The Global South does IT better

by Sebastian Benthall

A few weeks ago I visited the offices of Peru’s Comité Coordinador de la Infraestructura de Datos Espaciales del Perú, or IDEP, who are responsible for building that nation’s spatial data infrastructure system.

They have built a very impressive system with comparatively few resources using a largely open source stack of software–MapServer, MapBender, Mapfish, GeoNetwork, Joomla–and are actively looking for ways to innovate further.

In a meeting there, Max Taico, from the National Office of Electronic Government, explained why they had turned to open source software. It wasn’t just the fact that it was free–ESRI gives them free licenses of ArcGIS Server.

Open source software works for them because their government procurement practices are slow and hard to work with. But with free software (‘software libre’, as they call it), they are able to just install things on a server and get it to work.
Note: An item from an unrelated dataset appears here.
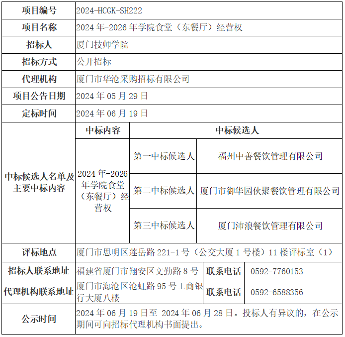 项目编号为2024-HCGK-SH222的2024年-2026年学院食堂(东餐厅)经营权招标项目,于2024年06月19日进行开标、评标,现将中标候选人公示如下: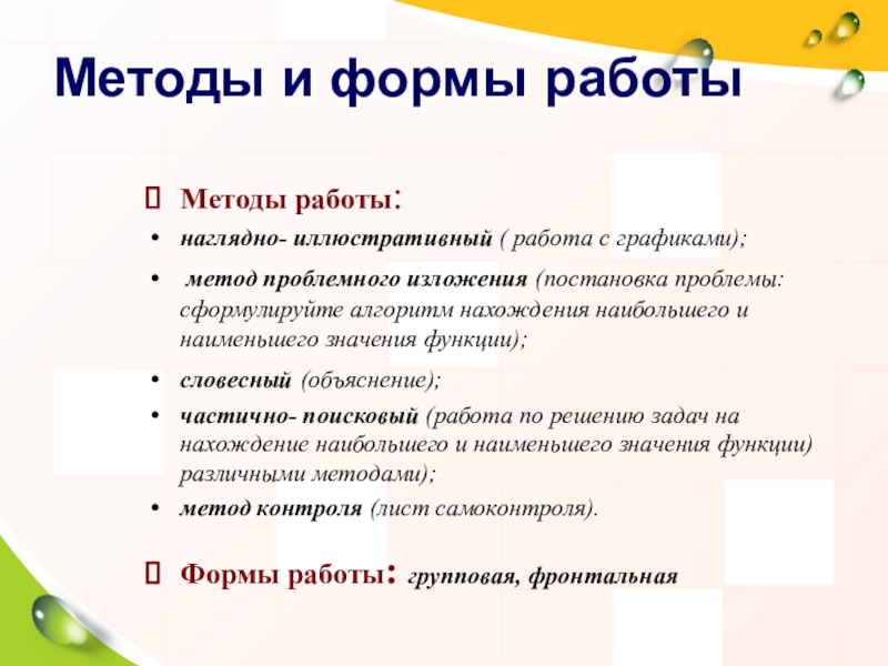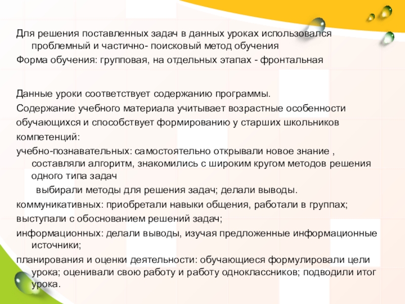 Для решения поставленных задач в данных уроках использовался проблемный и частично- поисковый метод обучения

Indeed, while we were there they logged us onto the server and invited us to look around at the system and install new software if we thought it would be helpful.

Compared to the heavy bureaucracies we are used to working with, it would be an understatement to call this “refreshing.” Governments (including international governments) based in the U.S. maintain strict control over their software inventory and often stipulate what software is or is not allowed on their computers.
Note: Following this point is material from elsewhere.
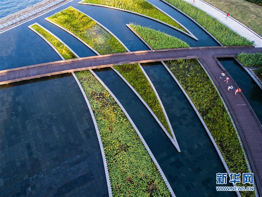7月17日,空中俯瞰淳安经济开发区珍珠广场前的沿湖景观带(无人机拍摄)。新华社记者 徐昱 摄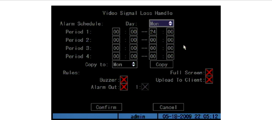 The system’s handling of a video loss alarm depends on the alarm schedule. In

This is a crippling policy in a world full of great free software. It’s appalling to guess how much time (and, hence, money) is wasted by, say, the World Bank’s commitment to using outdated browser and office software.

Meanwhile, in Lima, a project with almost no permanent staff working on it was able to develop a system that is truly cutting edge. Their government IT culture there works contiguously with the global hacker culture, which is interested in getting things done with as few obstacles as possible.

An inspiring thought is that because this way of doing things is so much more effective, the Global North is learning that it should change its ways. In her keynote address to this week’s Understanding Risk conference, the World Bank’s CIO Shelley Leibowitz announced to an applauding audience that they were going to drop their mandated use of the universally loathed Lotus Notes.

Times are changing. It’s nice to know that part of that change is a long-due change in leadership.